Royal Mail's shares have sunk to their lowest level since the company was taken private, putting the firm's membership in the FTSE 100 at risk.
Shares are trading more than five per cent down today after falling off a cliff edge yesterday, losing 14 per cent and wiping more than £800m off its market value. So far, shares have fallen 25 per cent over two days.
It follows the company slashing its profit guidance down to £500m-£550m on Monday, far less than the £694m it made last year. This was due to a higher-than-expected decline in letter volumes and poor productivity performance.
The drop mean Royal Mail's market value has fallen by £1.3bn in less than 24 hours with shares trading below 360p.
It also brings Royal Mail stock close to the level it debuted on the market at in 2013. Shares opened at an initial public offering (IPO) price of 330p, before jumping to 475p on the first day of trading.
Analysts have speculated that Royal Mail could face being relegated from the FTSE 100 at the next reshuffle in December.
David Cheetham, XTB chief market analyst, said: "The fall has seen the stock drop back to trade not far from its IPO price of 330p and the resultant decline in the company’s valuation has placed it in danger of being relegated from the FTSE 100 in the December reshuffle."
He also criticised the firm's decision to hold the dividend. "This may not be a wise course of action as it is becoming increasingly apparent that the company keeping the dividend at present levels could be detrimental to its future prospects," Cheetham explained.
Royal Mail said it had experienced a bigger than expected impact on marketing mail thanks to the EU's new data protection regulations governing the gathering and storage of personal information.
The delivery giant also hasn't been helped by a number of brokers slashing its price guidance and downgrading the stock.
Liberum downgraded its rating to "sell" and reduced its target price massively, from 415p to 250p.
"Yesterday's profit warning was shocking in its scale and timing," Liberum's note read.
"The £130m reduction in the current year cost avoidance target drops straight to the bottom line. Weakness in letters volumes and GLS margins was disappointing, but almost peripheral by comparison."
Morgan Stanley also cut its price target down to 405p while saying Royal Mail may need to consider faster sales of assets within its "attractive" London property portfolio.
Nicholas Hyett, an equity analyst for Hargreaves Lansdown, described Royal Mail's share drop as a "messy situation".
"There is no better way for shareholders to publicly show their dissatisfaction than selling off shares, and that’s clearly exactly what investors are doing now," he told City A.M.
Neil Wilson, chief market analyst at Markets.com, agreed that investors would be vocal in their dissatisfaction with Royal Mail.
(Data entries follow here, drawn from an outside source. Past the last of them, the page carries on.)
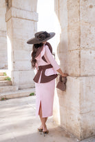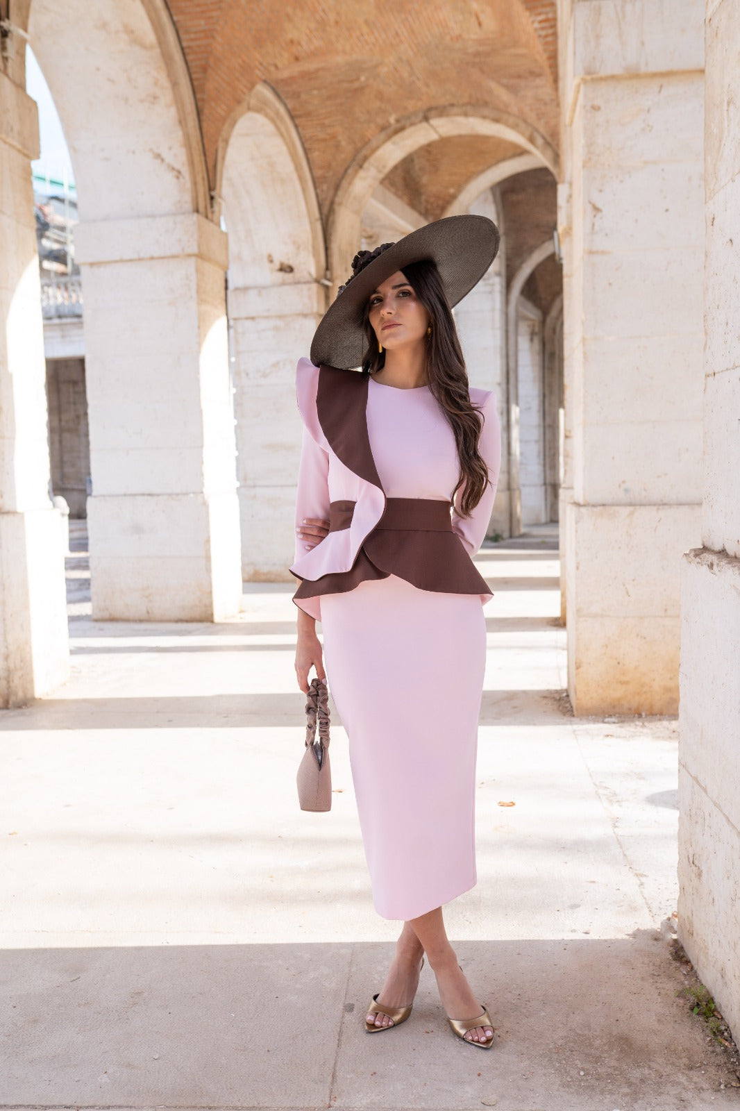Midi dress, round neckline, three-quarter sleeves, ruffle at shoulder and waist, back slit. Two-tone pink and brown.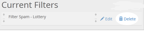 4. Under Current Filters, You can see all of your existing filters, Click on Delete next to the appropriate one.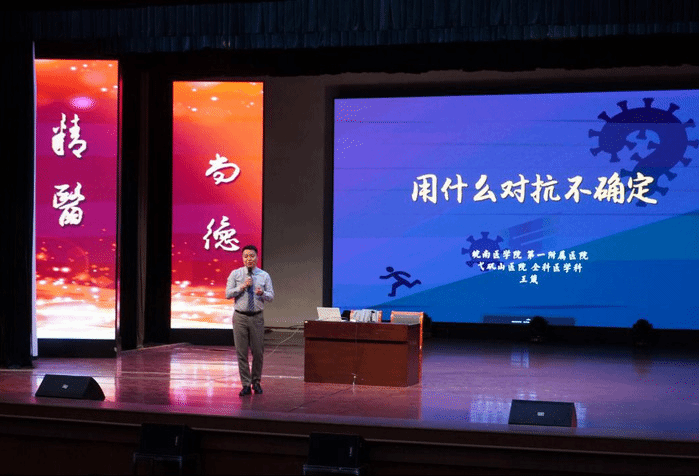 4月12日晚,williamhill中国官方网站举办第12期“医学大讲堂”讲座,邀请第一附属医院全科医学科行政副主任王箴在老员工活动中心报告厅为2020级在校员工作讲座,公司党委副书记陶香香主持活动,2020级全体辅导员及710名员工现场聆听。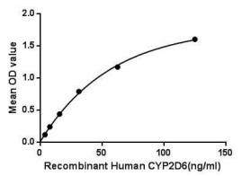 | Bio-activity : | Cytochrome P450 2D6 (CYP2D6), a member of the cytochrome P450 mixed-function oxidase system, is one of the most important enzymes involved in the metabolism of xenobiotics in the body. In particular, CYP2D6 is responsible for the metabolism and elimination of approximately 25% of clinically used drugs, via the addition or removal of certain functional groups-specifically, hydroxylation, demethylation, and dealkylation. CYP2D6 is primarily expressed in the liver. It is also highly expressed in areas of the central nervous system, including the substantia nigra. This enzyme also metabolizes several endogenous substances, such as hydroxytryptamines, neurosteroids, and both m-tyramine and p-tyramine which CYP2D6 metabolizes into dopamine in the brain and liver. Besides, Cytochrome P450 Reductase (CPR) has been identified as an interactor of CYP2D6, thus a binding ELISA assay was conducted to detect the interaction of recombinant human VDR and recombinant human CPR. Briefly, CYP2D6 were diluted serially in PBS, with 0.01% BSA (pH 7.4). Duplicate samples of 100uL were then transferred to CPR-coated microtiter wells and incubated for 2h at 37°C. Wells were washed with PBST and incubated for 1h with anti-CYP2D6 pAb, then aspirated and washed 3 times. After incubation with HRP labelled secondary antibody, wells were aspirated and washed 3 times. With the addition of substrate solution, wells were incubated 15-25 minutes at 37°C. Finally, add 50µL stop solution to the wells and read at 450nm immediately. The binding activity of CYP2D6 and CPR was shown, and this effect was in a dose dependent manner. |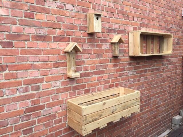 't Huizeken maakt ook mooie én nuttige creaties voor aan de muur: nestkastjes, voederhuisjes, bloembakken, … Alles wordt met de nodige zorg en finesse gemaakt uit recuperatiemateriaal.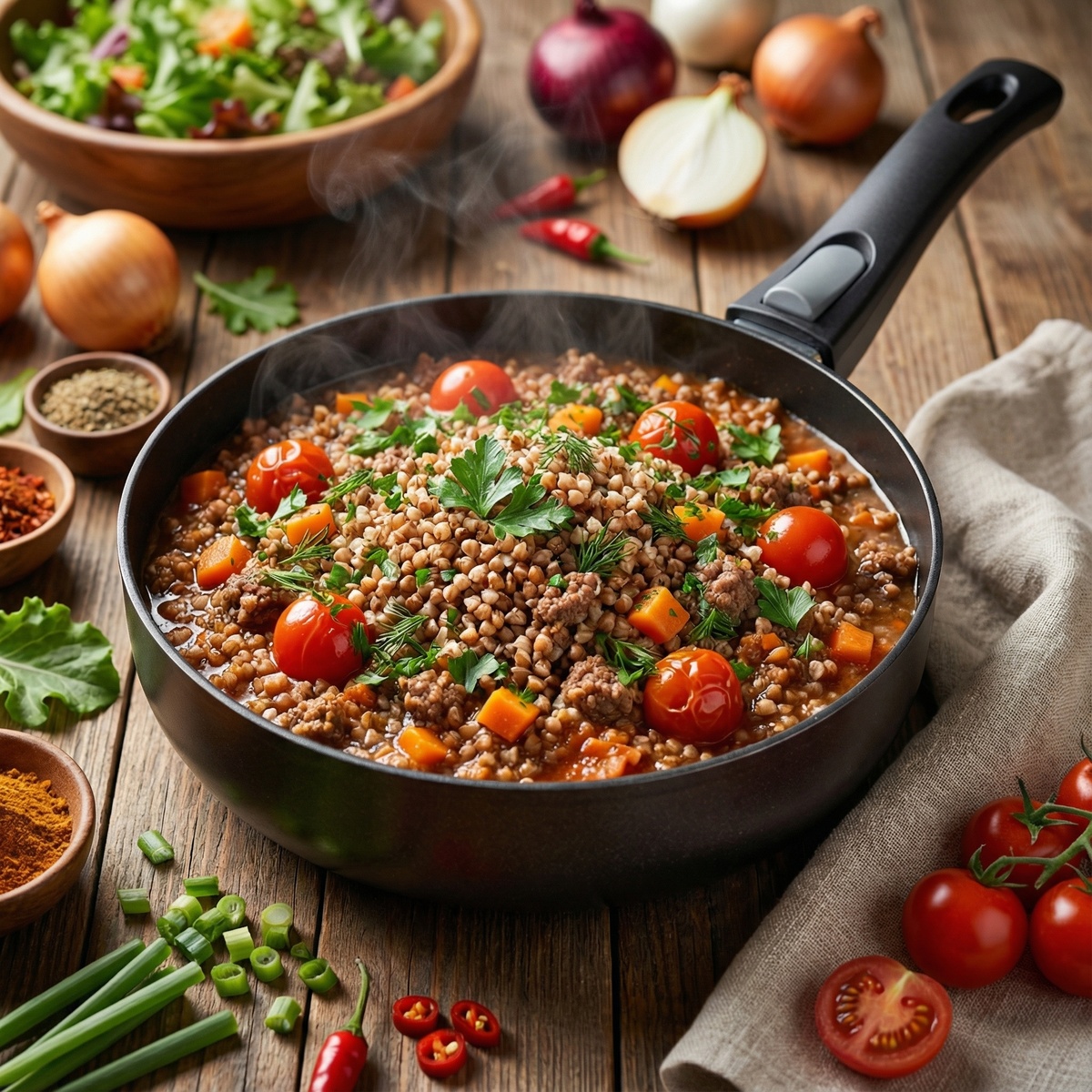 Очень домашнее, сытное и ароматное блюдо «два в одном»: и гречка, и мясо сразу. ✅ говяжий фарш — 400 г ✅ гречка — 250 г ✅ морковь — 1 шт. ✅ лук — 1 шт. ✅ помидоры — 3 шт. (примерно 250 г) ✅ чеснок — 3 зубчика ✅ зелень (укроп) — по вкусу ✅ сливочное масло — небольшой кусочек (10–20 г) ✅ растительное масло — для жарки ✅ чёрный перец, паприка, хмели-сунели — по вкусу ✅ соль — по вкусу ✅ вода или бульон — 500–600 мл (примерно 2 части жидкости на 1 часть гречки) ▪️ Гречку промываем. Лук мелко рубим, морковь натираем на тёрке, помидоры нарезаем кубиками (по желанию можно снять кожицу), чеснок измельчаем, укроп шинкуем. ▪️ В сотейнике KALITVA линейки KUMIR HANDLE

"Investors will almost certainly start to speak up after this," he said. "It’s a bit of a debacle really but to a degree it’s new boss Rico Bach resetting expectations early on so he can blame the previous management."
Russ Mould, investment director at AJ Bell, said the company's poor performance could raise more questions about exec pay at the company, months after Royal Mail suffered one of the biggest shareholder revolts over exec pay in the City this year.
"Moya Greene may have timed her exit well and Rico Back has a tough job on his hands," he said. "He has inherited a difficult operating environment but will need to deliver on those cost and productivity goals if the issue of his own pay is not to resurface at some stage."